M. Kei : Love Letters
Homoerotic Tanka of Love and Friendship
It's a pleasure to welcome M. Kei back to 3LIGHTS. When I approached this master of tanka with the proposal of a new solo show, I was surprised and excited to receive a batch of poems that explore love, friendship and very personal emotions that are all-too-often ignored in modern tanka. I asked M. Kei the following question, and his response is a fitting introduction to this extraordinary collection of tanka.




LW: These poems are clearly very personal and each of them brim with emotion. How does tanka allow you to plunge the depths of the self? Do you often find that tanka finds a passage into feelings you didn't expect to discover? I'm interested to learn how the poet of the Chesapeake Bay writes something as powerful and emotive as: "I don't want/to move heaven/and earth/just the heart/of a man".

MK: Gay love poems were some of the very first tanka I wrote, and so it would be more correct to ask how a writer of erotic tanka became a poet of the Chesapeake Bay. In those days I had no thought of publishing; I didn't even know that the 'tanka world' existed. I thought tanka was nothing but dead Japanese classics. Like the Heian gentlemen of old, I wrote them to friends and lovers, most of whom I knew online. Thus, in 2000, I was writing things like:


When I woke from
the dream of you I could still
taste the tender peach.
How could I resist the lure
of the newly ripened fruit?


'Tanka Is Now.' My Town, Summer, 2006.

This is one of my earliest surviving tanka, and it bears ample evidence that something other than literature was uppermost in my mind at the time I composed it.
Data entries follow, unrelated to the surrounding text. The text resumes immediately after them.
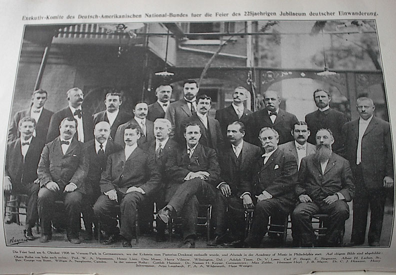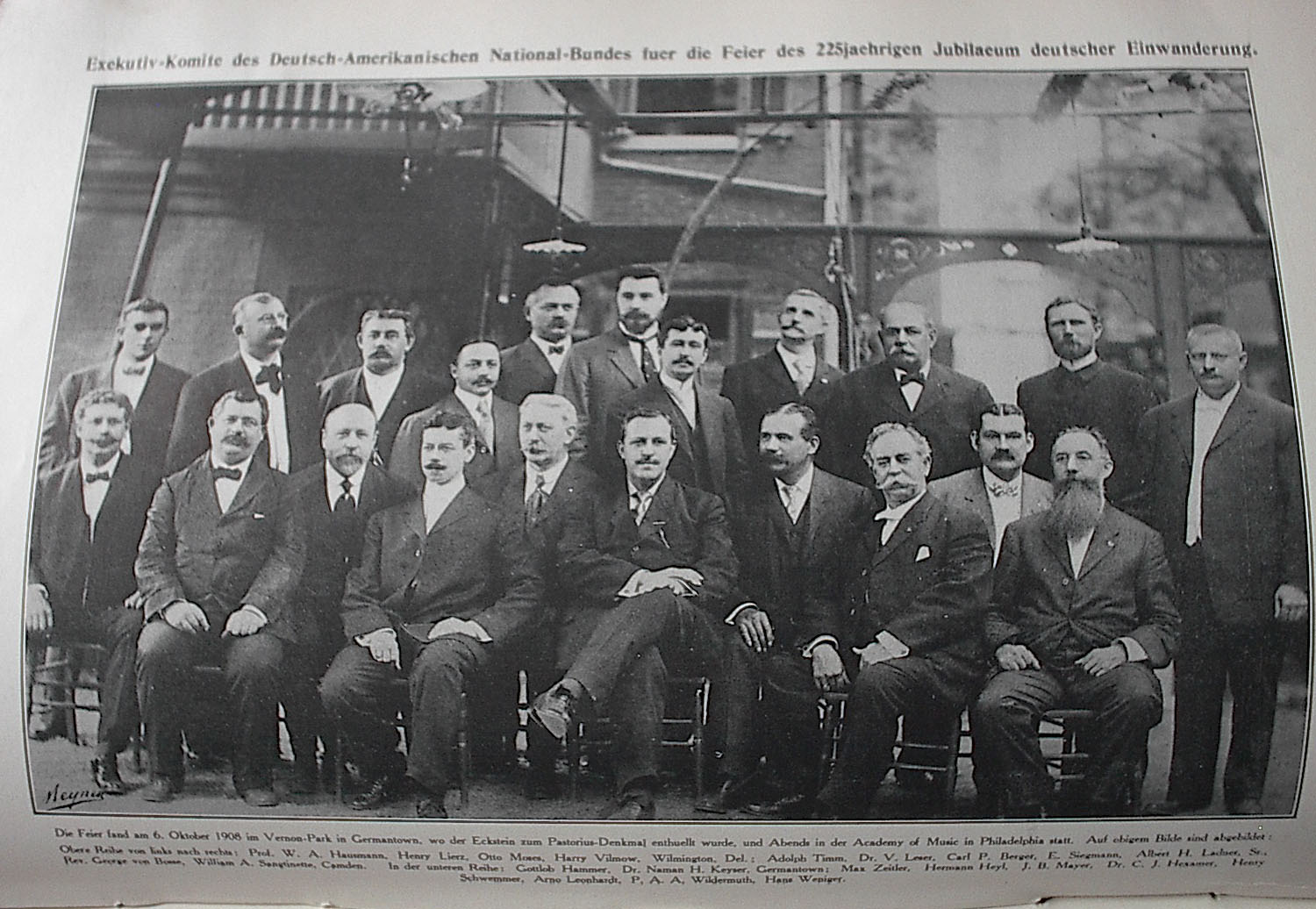 Caption above Group Portrait reads: Executive Committee of the National German-American Alliance on the occasion of the 225-Year Jubilee of German Immigration.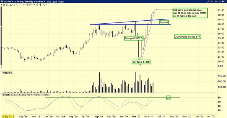 The only reason to sell perhaps 10%-30% of gold stock positions now, is because the profits on miners bought at my gold $1577 and $1450 buy points are fabulous!The time to sell is when the investor feels fantastic.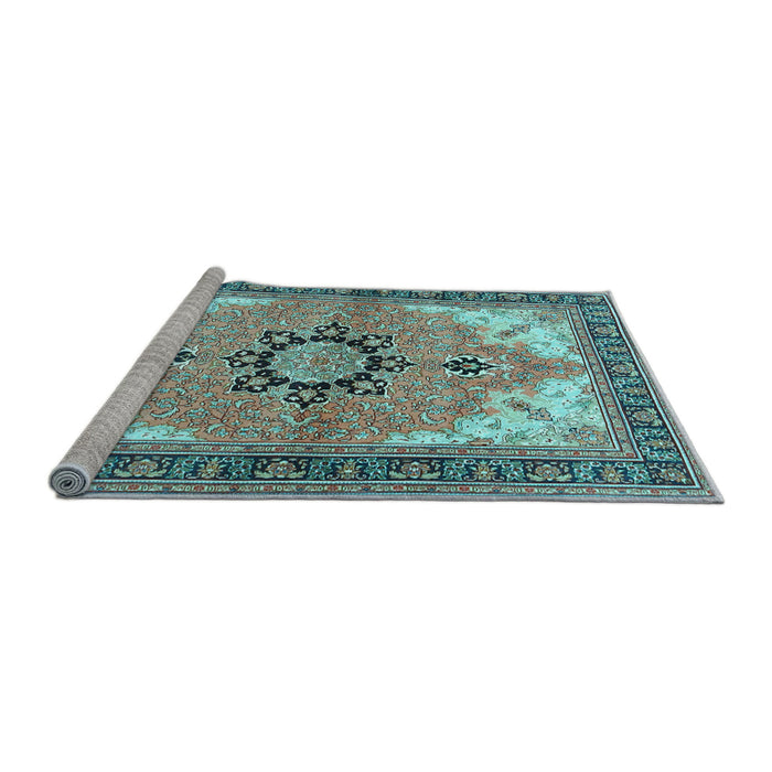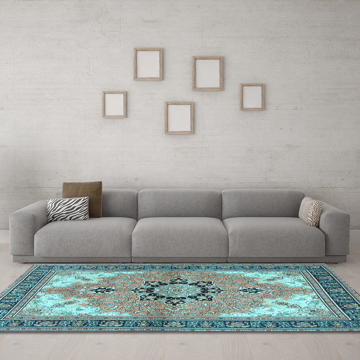 Machine Washable Medallion Light Blue Traditional Rug, wshtr4753lblu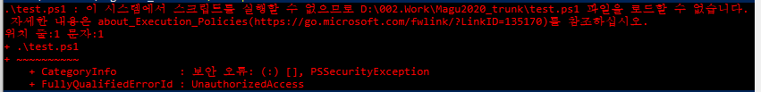 파워쉘을 사용하다 보면은, 아래와 같은 오류를 보시는 경우가 발생합니다.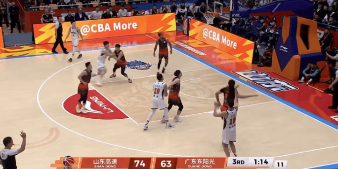 琼斯接高诗岩传球三分命中,山东连得6分打停广东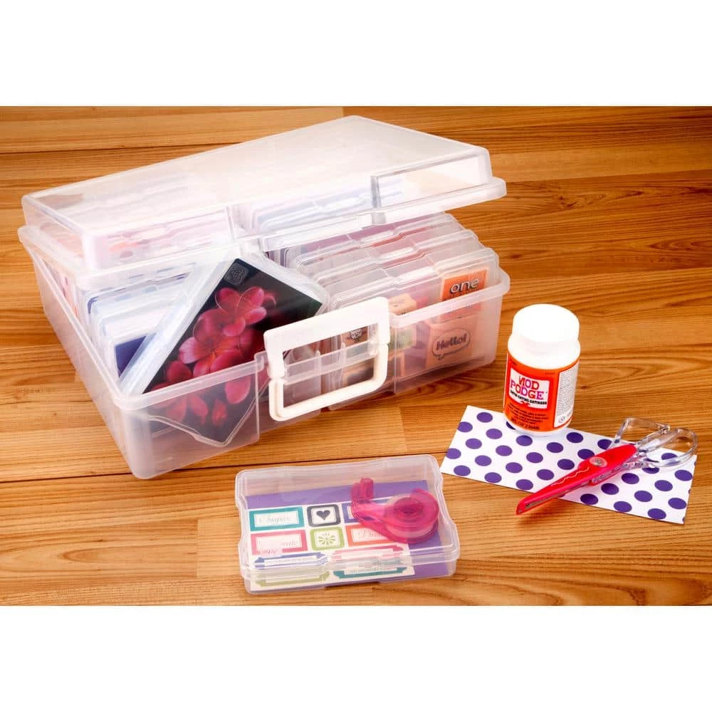 Protect, sort, and store your 4 in. x 6 in. photos with this photo and craft keeper by IRIS USA, Inc. Each keeper holds sixteen 4 in. x 6 in. cases to organize and protect any photos and small craft items including stamps or stickers. The durable and secure handle makes it easy to transport your photos or craft items wherever you go.

Still, love affairs end, and since I can't stand jealous pouting, whining, and melodramatic threats, I put that into tanka as well.


My life has been a
     garden of many flowers,
          but I will still grieve
when each blossom falls
     and leaves me behind.


Haiku Harvest, 6:1, Spring & Summer 2006.


Yet I always had a melancholy turn of mind, and another one of my old poems is this:


Full well do I know
that this transient pleasure
is like foam on the sea;
Yet even so I want it
to last a thousand years.


Simply Haiku : A Quarterly Journal of Japanese Short Form Poetry.  3:2 Summer, 2006.


This also was a gay love poem, but it is drenched in
aware, the Japanese memento mori, which warns us that pleasure is also a sign of death because it doesn't last. The principle of aware was one that affected me very deeply when I first encountered it. I often suffered from depression when I was younger, and aware provided me with a way to express it while still valuing that which beautiful and positive.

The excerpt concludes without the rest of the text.